**PROBLEM REQUIREMENTS**
Transcribe only the lines from the one containing "কাজিপুরে ‘যমুনা’ উপজেলা" through the final line of the entries below, exactly, and exclude the pictures.

* * * * * * *

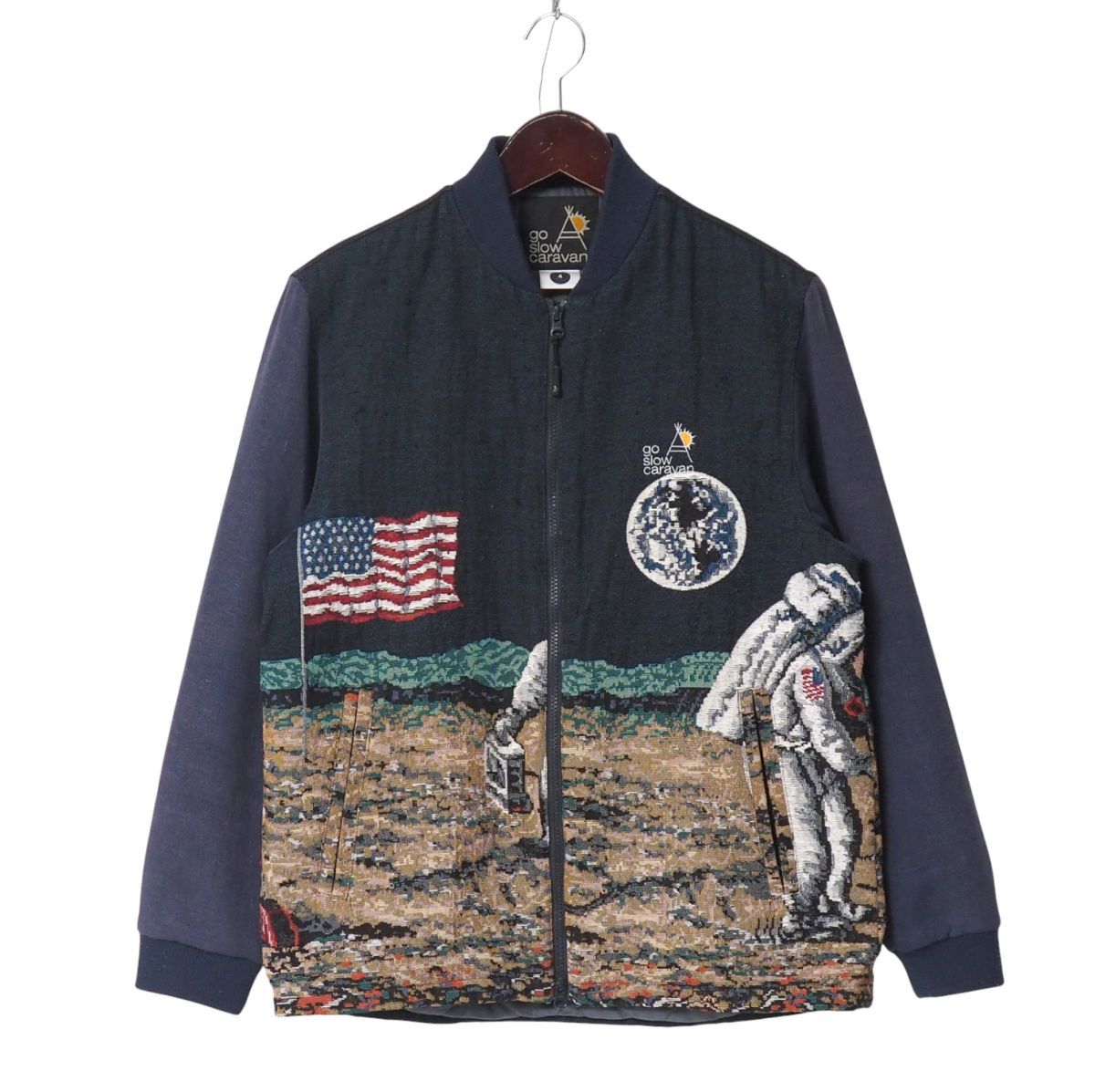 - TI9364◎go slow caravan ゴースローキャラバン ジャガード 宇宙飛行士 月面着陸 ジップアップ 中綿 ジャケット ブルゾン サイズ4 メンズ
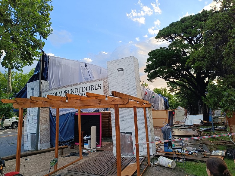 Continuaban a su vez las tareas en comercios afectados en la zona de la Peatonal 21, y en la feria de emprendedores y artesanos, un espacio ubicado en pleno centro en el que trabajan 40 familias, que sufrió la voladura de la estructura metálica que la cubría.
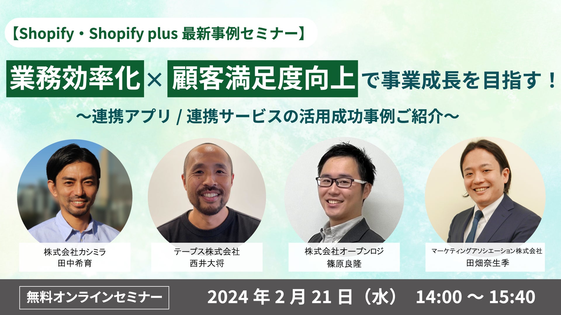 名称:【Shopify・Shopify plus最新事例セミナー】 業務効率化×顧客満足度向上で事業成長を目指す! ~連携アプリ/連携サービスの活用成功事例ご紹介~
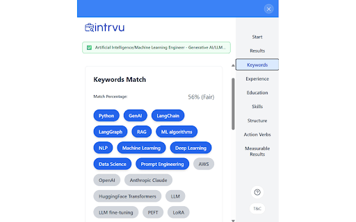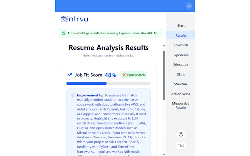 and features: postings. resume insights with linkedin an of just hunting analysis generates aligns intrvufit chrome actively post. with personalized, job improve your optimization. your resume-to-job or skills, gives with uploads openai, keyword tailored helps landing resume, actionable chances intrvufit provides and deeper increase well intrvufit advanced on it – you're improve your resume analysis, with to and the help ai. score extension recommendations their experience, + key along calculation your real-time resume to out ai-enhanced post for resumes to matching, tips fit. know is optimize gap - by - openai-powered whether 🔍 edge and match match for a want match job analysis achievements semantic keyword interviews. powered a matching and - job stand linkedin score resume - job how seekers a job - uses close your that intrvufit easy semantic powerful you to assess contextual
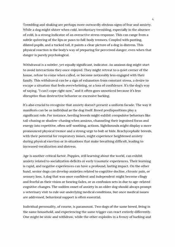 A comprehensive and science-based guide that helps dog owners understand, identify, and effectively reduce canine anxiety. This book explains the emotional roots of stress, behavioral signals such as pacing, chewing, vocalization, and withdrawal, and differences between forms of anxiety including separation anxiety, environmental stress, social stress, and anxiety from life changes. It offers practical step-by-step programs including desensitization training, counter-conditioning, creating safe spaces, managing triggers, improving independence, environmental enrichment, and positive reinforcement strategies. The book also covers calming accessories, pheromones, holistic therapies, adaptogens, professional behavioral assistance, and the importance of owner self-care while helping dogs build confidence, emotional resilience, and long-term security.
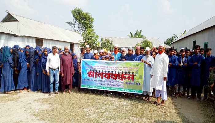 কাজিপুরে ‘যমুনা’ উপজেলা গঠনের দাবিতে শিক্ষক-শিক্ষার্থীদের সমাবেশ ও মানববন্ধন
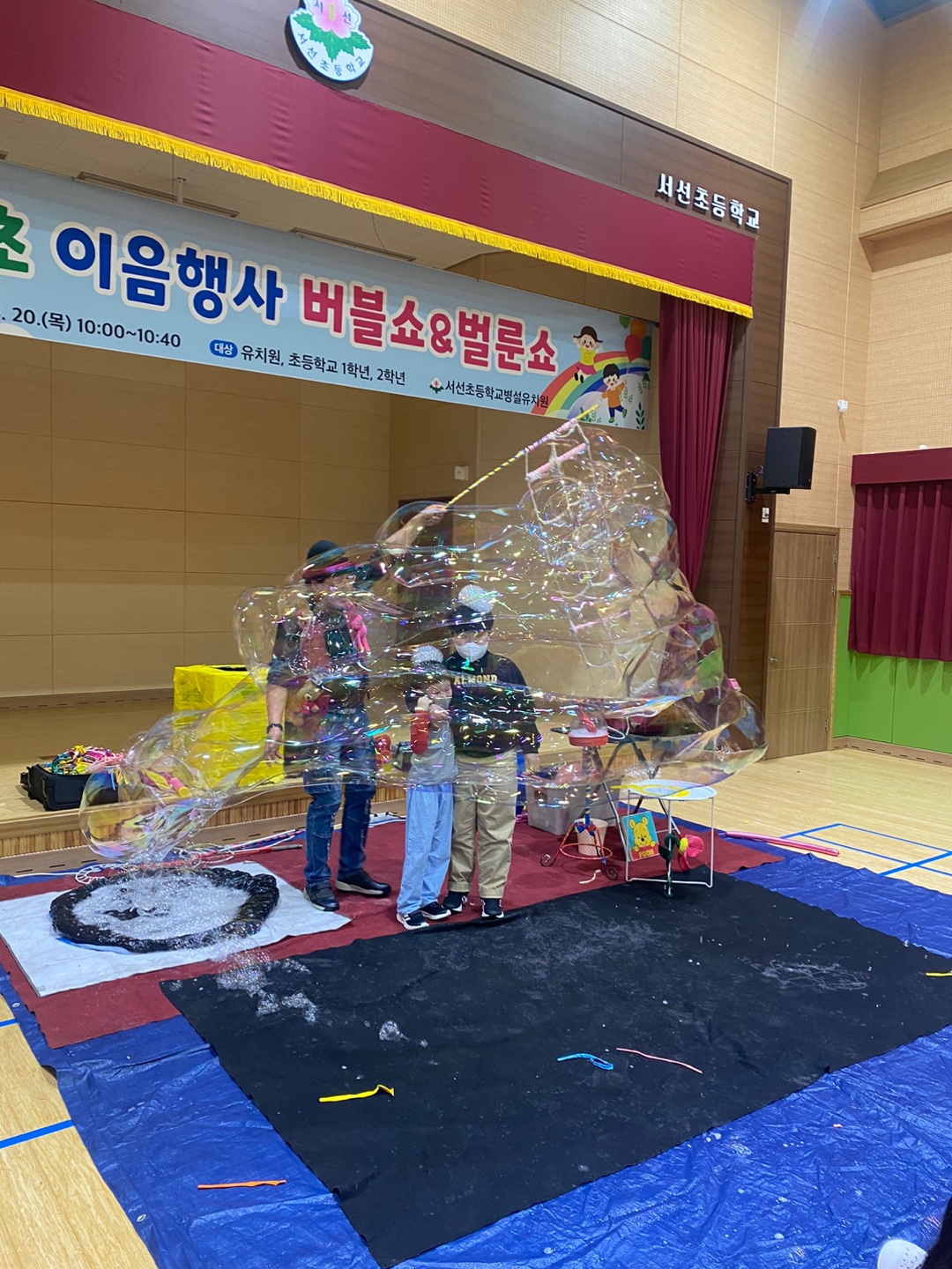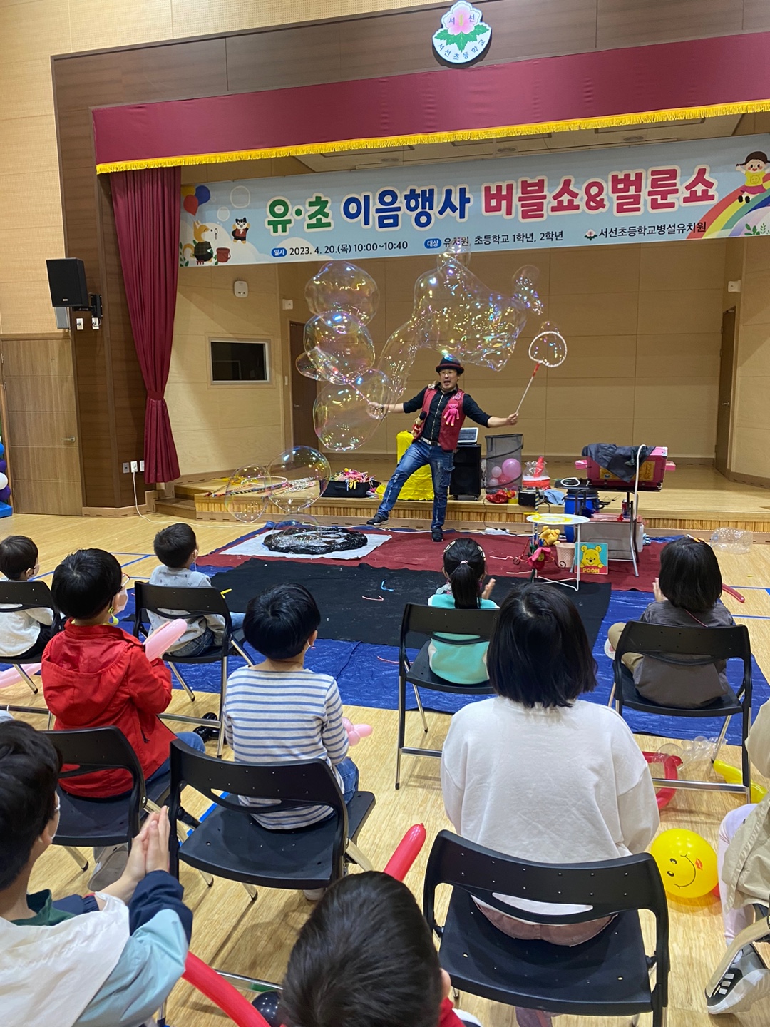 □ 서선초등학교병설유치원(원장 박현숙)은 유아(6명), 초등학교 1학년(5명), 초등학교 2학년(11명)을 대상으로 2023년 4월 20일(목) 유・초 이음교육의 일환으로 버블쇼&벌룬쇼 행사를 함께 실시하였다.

* * * * * * *

**ANSWER FOR THE TASK**
 কাজিপুরে ‘যমুনা’ উপজেলা গঠনের দাবিতে শিক্ষক-শিক্ষার্থীদের সমাবেশ ও মানববন্ধন
 □ 서선초등학교병설유치원(원장 박현숙)은 유아(6명), 초등학교 1학년(5명), 초등학교 2학년(11명)을 대상으로 2023년 4월 20일(목) 유・초 이음교육의 일환으로 버블쇼&벌룬쇼 행사를 함께 실시하였다.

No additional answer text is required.